A great talk on security theatre. Good quotes on helping shift responsibilities earlier in the development process and good observations about the changing role of security teams.

  • The title is “EXIT STAGE LEFT: Eradicating Security Theater”.
  • It was fun to read the beautiful slides and the scene developments and expressions such as “Fisticuffs”, “The Duel”, “Judgment”, “Redemption”, and “The Grande Finale”.
  • The closing words were also quaint.
    ○ “People don’t want their lives fixed. Nobody wants their problems solved. Their dramas. Their distractions. Their stories were resolved. Their messes cleaned up. Because what would they have left? Just the big scary unknown.” — Chuck Palahniuk

Slides from my talk last week at SnykCon, all about patterns for secure container base image management. Discussion of people, process and tools.

  • The title is “Patterns for secure container base image management”.
  • A slide from Gareth Rushgrove, the editor of this mailing list, at SnykCon. As mentioned above, I thought it would be nice to be able to imagine the actual business by focusing on people, processes, and tools.

A new Salt release is available, which means a super detailed post on the latest features and fixes from Salt Tips.

  • The title is “What’s New in Salt 3002 Magnesium”.
  • An unofficial summary of new features in the SaltMagnesium release. If you want to know about other changes and deprecations , it recommends reading the official release notes and changelog.

An interesting paper on quality metrics for infrastructure as code.
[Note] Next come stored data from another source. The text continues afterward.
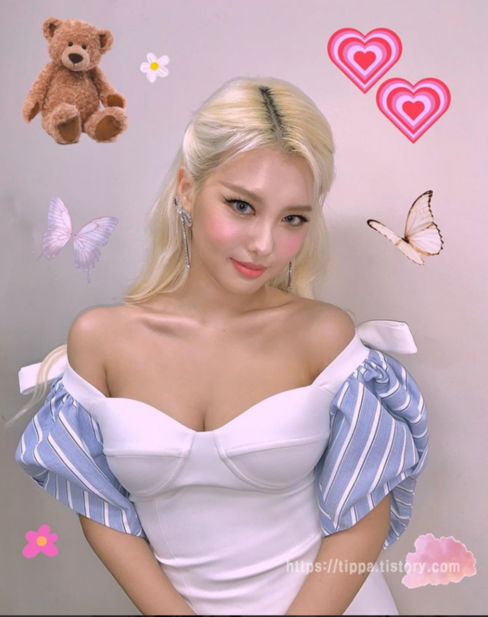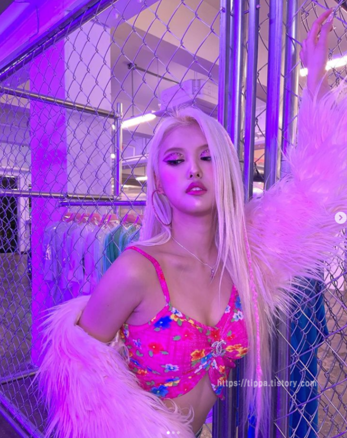 남다른 뒤태를 뽐내며 분홍색 긴 웨이브 헤어스타일과 선명한 이목구비로 인형 같은 비주얼을 완성했으며, 군살 하나 없는 잘록한 허리 라인과 작은 얼굴에 길쭉한 기럭지로 모델 같은 비율을 자랑해 시선을 사로잡았습니다.
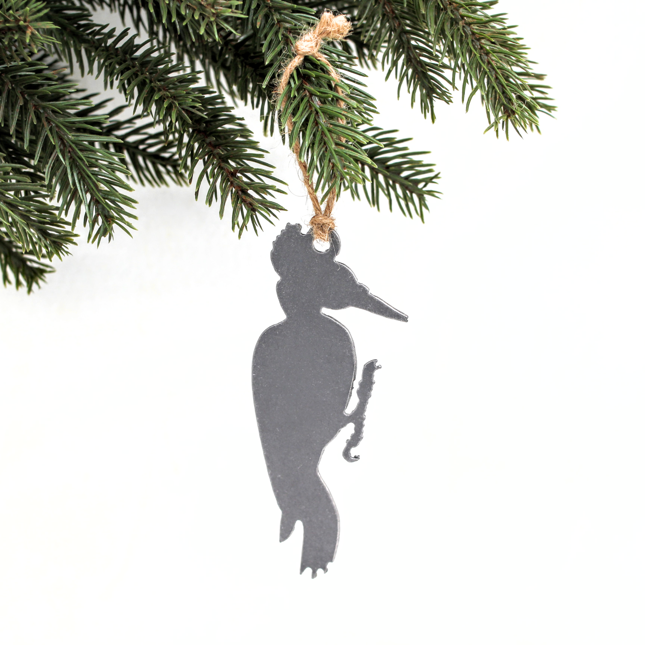 This ornament is crafted from recycled steel and may have unique markings or patina, adding to its one-of-a-kind design. Our products are produced in small batches in our shop and materials may vary slightly from one piece to another. (Nothing is mass produced or outsourced.)
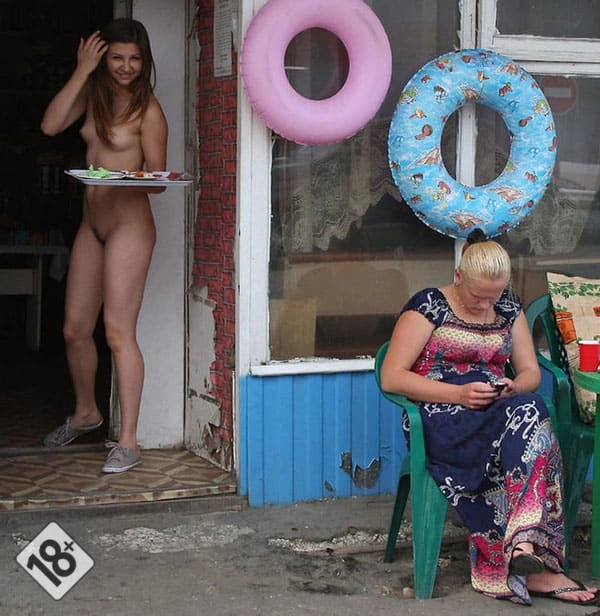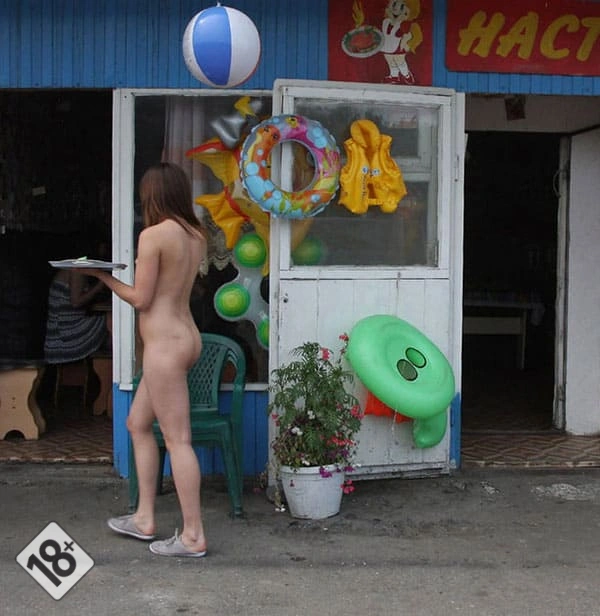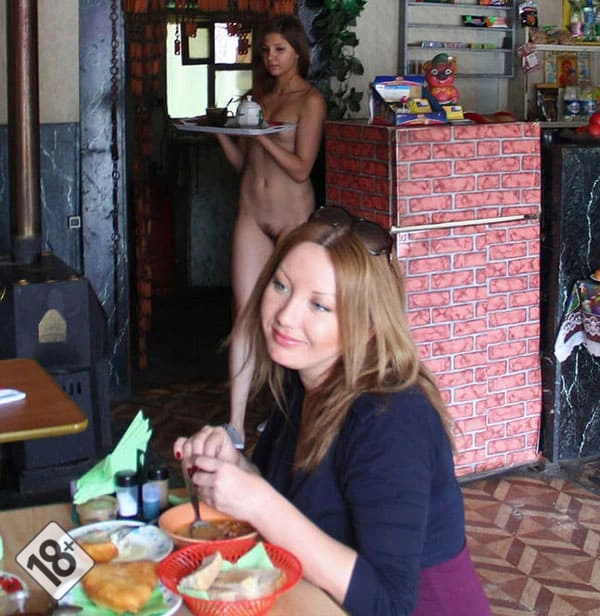 Официантка в кафе обслуживает голой посетителей

Looking specifically at Ansible, but intended to be generalised.

  • The title is “Towards a Catalog of Software Quality Metrics for Infrastructure Code”.
  • It proposes a catalog of 46 metrics to focus and identify IaC properties, and how to use them to analyze IaC scripts in Ansible, one of the most popular IaC languages ​​to date.
  • Every time I meet such a certain amount of sentence, I want to improve my reading speed and accuracy, but I wonder if I can’t learn it unless I have to manage the numbers and hold down the points. There are more and more situations where I think that it is a realistic option to make it necessary to read the dissertation as oneself so that it is easy to acquire skills that are directly related to business, and to go to get a degree to get feedback.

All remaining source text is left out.